**YOUR INSTRUCTIONS**. Return, exactly as written, the line containing "Очень любит ездить" and every line after it to the end of the records below, with no pictures.

(Stored data entries)
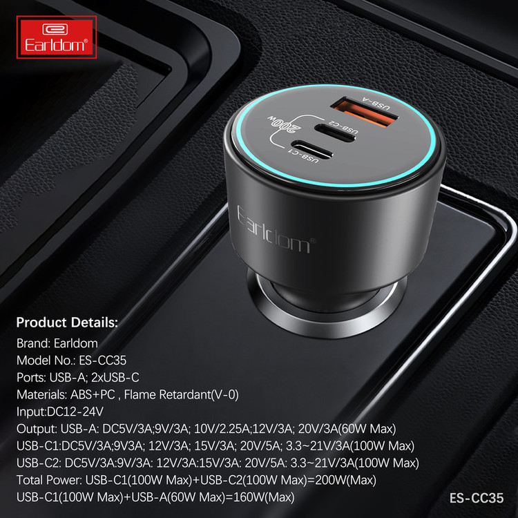 شارژر فندکی 200 وات 3 پورت ارلدام مدل CC35
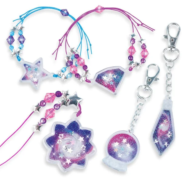Fabriquez 8 magnifiques bijoux en résine scintillante ! Chaque fois que vous avez besoin d’un moment de repos, fermez les yeux et tenez-les fermement dans vos mains. Ils vous permettront d’entrer dans le monde apaisant de Nebulous Stars !
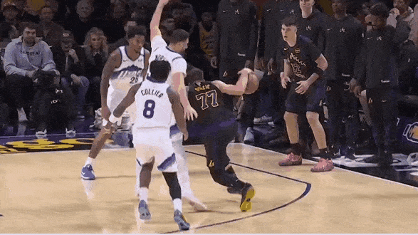 比赛第三节,东契奇信手一抛打进还有加罚,比出“andone”庆祝动作。
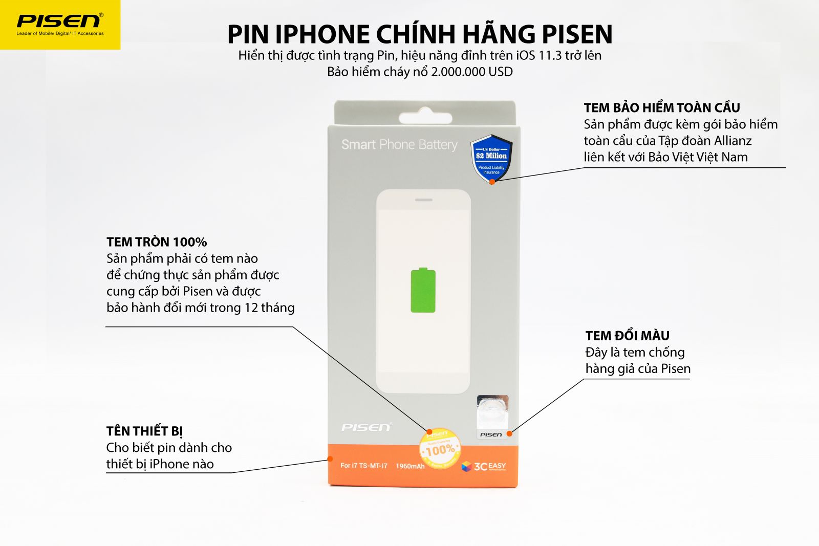 Nhà sản xuất: PISEN GROUP Pin Pisen dung lượng chuẩn tương tự pin gốc Apple về cả phần cứng lẫn phần mềm Điểm đặc biệt của dòng pin Li-ion Polymer có thể duy trì được
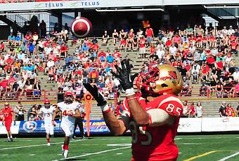 Si le jeu au sol a été efficace, on ne peut pas en dire autant de l’attaque aérienne. Rodage de début de saison? Sans doute! Malgré tout, Tristan n’a pas mal fait. Tout comme en 2012, il ne commet pas beaucoup d’erreur (pas d’interception). En fait, nous croyons que son modeste taux de passe complété d’hier n’est pas issu d’un manque de précision ou de mauvaises lectures. Nous regardons plutôt du côté des receveurs. Selon nous, outre quelques passes suicide, souvent Tristan faisait la bonne lecture mais le receveur de passe ne faisait pas bien la sienne. De plus, il est important de mentionner que Calgary a souvent joué une défensive « cover 2 » pendant le match. Il ne voulait visiblement pas se faire brûler par la voie aérienne!
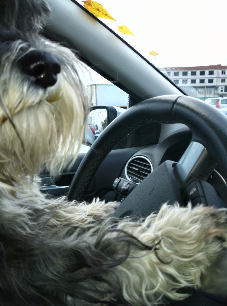 Очень любит ездить в машине и не важно - за рулем или в качестве штурмана
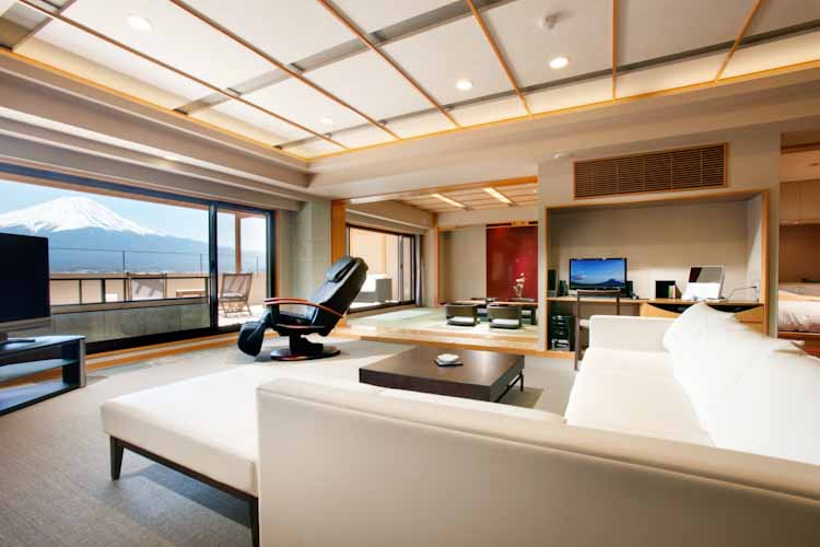 2階には、プライベート空間で富士を眺めながら温泉が堪能できる足湯付きの部屋と、足湯と露天風呂両方が付いた部屋を備えている。しゃれた土間のリビングとバルコニーを備えた和室や、22畳のリビングと10畳の和室、ダイニング、バルコニーの付いた特別室など、さまざまなタイプの部屋を用意している。

**SOLVED EXERCISE**.
 Очень любит ездить в машине и не важно - за рулем или в качестве штурмана
 2階には、プライベート空間で富士を眺めながら温泉が堪能できる足湯付きの部屋と、足湯と露天風呂両方が付いた部屋を備えている。しゃれた土間のリビングとバルコニーを備えた和室や、22畳のリビングと10畳の和室、ダイニング、バルコニーの付いた特別室など、さまざまなタイプの部屋を用意している。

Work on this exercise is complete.